# eggs dying



## Guest (Feb 21, 2005)

Hi all, I'm wondering if someone can help me at all. 

I'm the owner of a mating paire of dendrobated tinctorious 'powder blue'. The frogs started mating about 4 monthes ago now, and I have colected nearly 50 eggs from them in that time. However, the problem is that shortly after the eggs have been layed, they die! 

The eggs ARE fertilised, I can tell because they start to develop, untill I can see tiny tadpole in the eggs. Then one day, for no apparent reason the whole clutch will go moldy. 

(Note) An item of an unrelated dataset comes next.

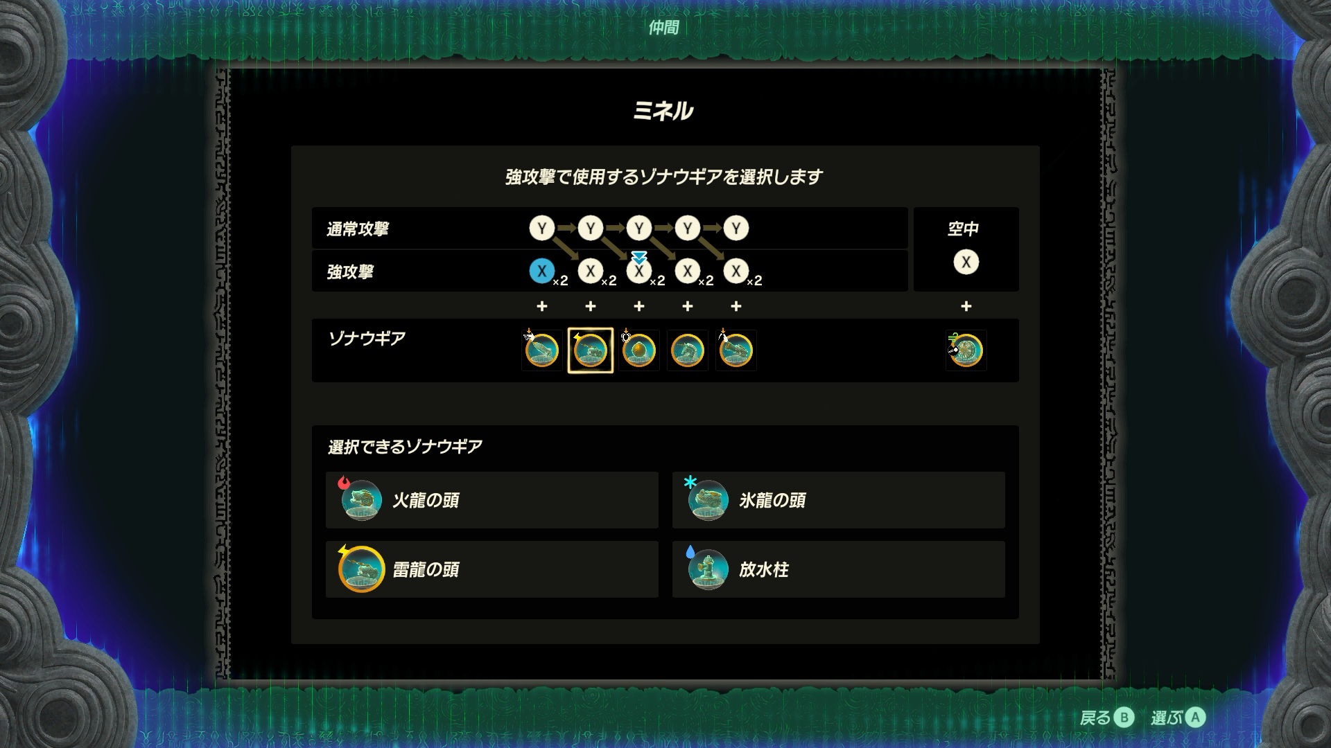 Y→Xは二段目までありますが、使ったり使わなかったり。実際二段目もかなり強く、ヒノックスとかボスボコブリンとか図体でかい相手だとゴリゴリ属性溜まっていくので、この辺りは臨機応変に。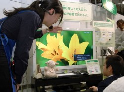 ”を駆動させたり、社会科見学などで多数来場している小学生などから希望者を募り、実際に果物からブドウ糖を取り出して電気を作る実験デモを大々的に行っている。

I have tried removing the eggs, leaving them where they are, leaving them there for a while and then removing them. All with no success. 

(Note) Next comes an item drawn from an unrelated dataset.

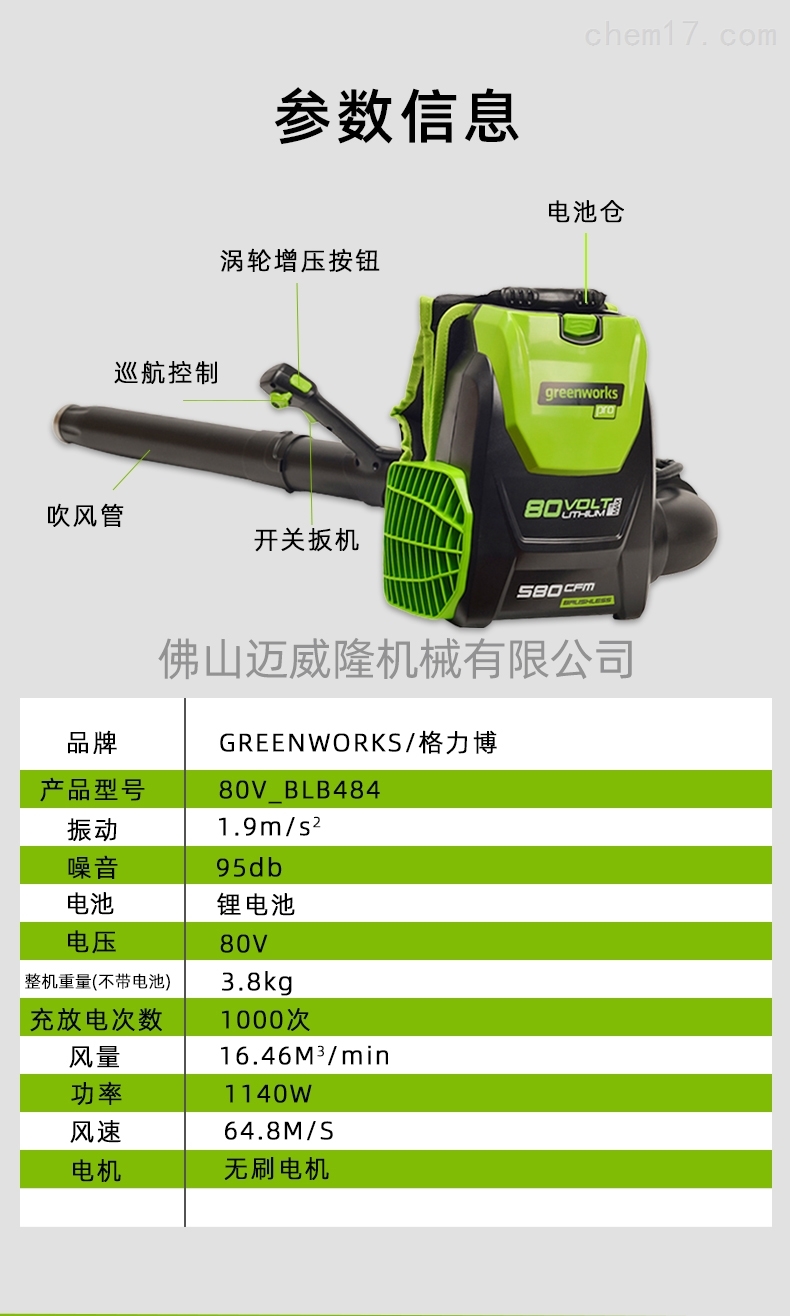 Glebe 80V blb484背包式吹風(fēng)機(jī)產(chǎn)品參數(shù):品牌:greenworks/Glebe產(chǎn)品型號(hào):80V_blb484振動(dòng):1.9m/S2噪音:95dB電池:鋰電池電壓:80V機(jī)器重量(無電池):3.8kg充放電次數(shù):1000倍風(fēng)量:16.46m3/min功率:1140w風(fēng)速:64.8m/s電機(jī):無刷電機(jī)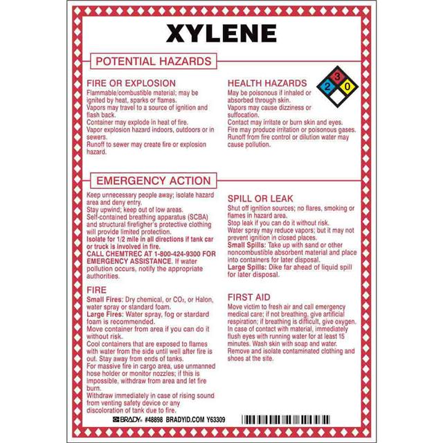 This is manufactured by Brady Corporation. The manufacturer part number is 48898. Label with a size of 10.00" l x 7.00" w (254.0mm x 177.8mm). The product is rohs3 compliant. It is assigned with possible HTSUS value of 3926.90.9989. It has a classic black, blue, red and yellow legend, white background colour. The product brady®, is a highly preferred choice for users. The product is made from highly stable and reliable fiberglass. In addition, it is reach unaffected. Its typical moisture sensitivity level is not applicable. In addition, bulk is the available packaging type of the product. A bespoke label is a xylene potential hazards label. The product is suitable for use with warning. It has a long 4 weeks standard lead time. The brady corporation's product offers user-desired applications. The product is designated with the ear99 code number.

Can anyone please shed any light on what the problem could be? 

I've just come to check on the eggs that were developing well last night, to find them all dead, and a brand new clutch of 10 eggs next to the old clutch. 


Any help would be very much appreciated, 

thanks, steve


----------



## bbrock (May 20, 2004)

Sounds like you need some anti-fungal for the eggs. The old school way was to add a little methylene blue to the egg water but the newer, and better way is to make some tadpole tea. Tad tea is just making an extract rich in tannic acid which is a naturally anti-fungal. You can make it by soaking something like oak or almond leaves, alder catkins, or even just peat moss in water until the water turns a weak tea color. You use this water to wet the eggs and most of you molding problems should be over.


----------



## dmartin72 (Oct 27, 2004)

Would magnolia leaves work?


----------



## Guest (Feb 22, 2005)

dmartin72 said:


> Would magnolia leaves work?


Yup and tropical almond leaves work great too!


----------



## Darks!de (Nov 16, 2004)

What about green water or aquarium driftwood (african, mulawa)?

Luke


----------



## Guest (Feb 23, 2005)

Hello again people, after hunting around for some of the natural remedies you sugested, I realised that I didn't have any, and it might be a good idea to get some methylene blue from the pet shop to do the job 'till I could get something better. (probably the weekend)

However, the stuff seems to have turned my water to toilet duck  I gues it must be harmless to the eggs if you can use it in fish tanks with the fish still in, it just looks really odd. Anyway thanks for the help, and lets hope this clutch does a bit better than the last.


----------



## bbrock (May 20, 2004)

vx said:


> Hello again people, after hunting around for some of the natural remedies you sugested, I realised that I didn't have any, and it might be a good idea to get some methylene blue from the pet shop to do the job 'till I could get something better. (probably the weekend)


There is also a commercial product called blackwater extract that can be used to make tad tea. I prefer to use free stuff to make it.

Someone asked about driftwood. I think that would depend on the species of wood and how long it had been adrift. If it can turn the water a weak tea color, then you are probably in business. I read that avocado leaves are also high in tannin so I'm going to grow one as a house plant.


----------



## Guest (Mar 13, 2005)

OK guys thanks for the help. I now have several developing eggs  2 of which look about ready to hatch.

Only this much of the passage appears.